We realized that by taking the logarithm of the response variable in both the logistic and Gompertz models, we can linearize the equations, allowing for the application of least squares regression to estimate the parameters $r$ and $K$. The resulting linear forms facilitate the comparison of model fits and the evaluation of growth dynamics.This approach not only simplifies the estimation process but also enhances the interpretability of the model parameters. By transforming the non-linear relationships into linear ones, we can leverage the well-established techniques of linear regression, which are computationally efficient and widely understood.

## Advantages of Linearization

**Parameter Estimation**: Linearization allows for straightforward estimation of parameters using ordinary least squares (OLS) methods. This is particularly beneficial when dealing with large datasets, as OLS is computationally efficient and provides reliable estimates.

**Model Comparison**: The linearized forms of the logistic and Gompertz models enable direct comparison of their fits to the data. By analyzing the goodness-of-fit metrics such as R-squared and RMSE, we can determine which model better captures the underlying growth dynamics.

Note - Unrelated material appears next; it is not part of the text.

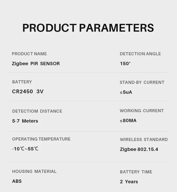 Может использоваться с различными продуктами серии ZigbeeРазличные уровни систем домашней безопасности.Мобильное приложение может проверить статус в любое время и в любом месте.

**Interpretability**: The linearized equations provide a clearer interpretation of the parameters. For instance, in the logistic model, the parameter $r$ represents the intrinsic growth rate, while $K$ indicates the carrying capacity. In the Gompertz model, the negative slope associated with $r$ reflects the rate of decline in growth as the population approaches its limit.

# Conclusion

---

In conclusion, the linearization of the logistic and Gompertz models through logarithmic transformation provides a powerful framework for parameter estimation and model comparison. By applying least squares regression to the linearized equations, we can gain valuable insights into growth dynamics and make informed decisions based on the fitted models. However, it is essential to remain vigilant about the assumptions and limitations inherent in this approach, ensuring that the chosen model accurately reflects the underlying biological or ecological processes being studied.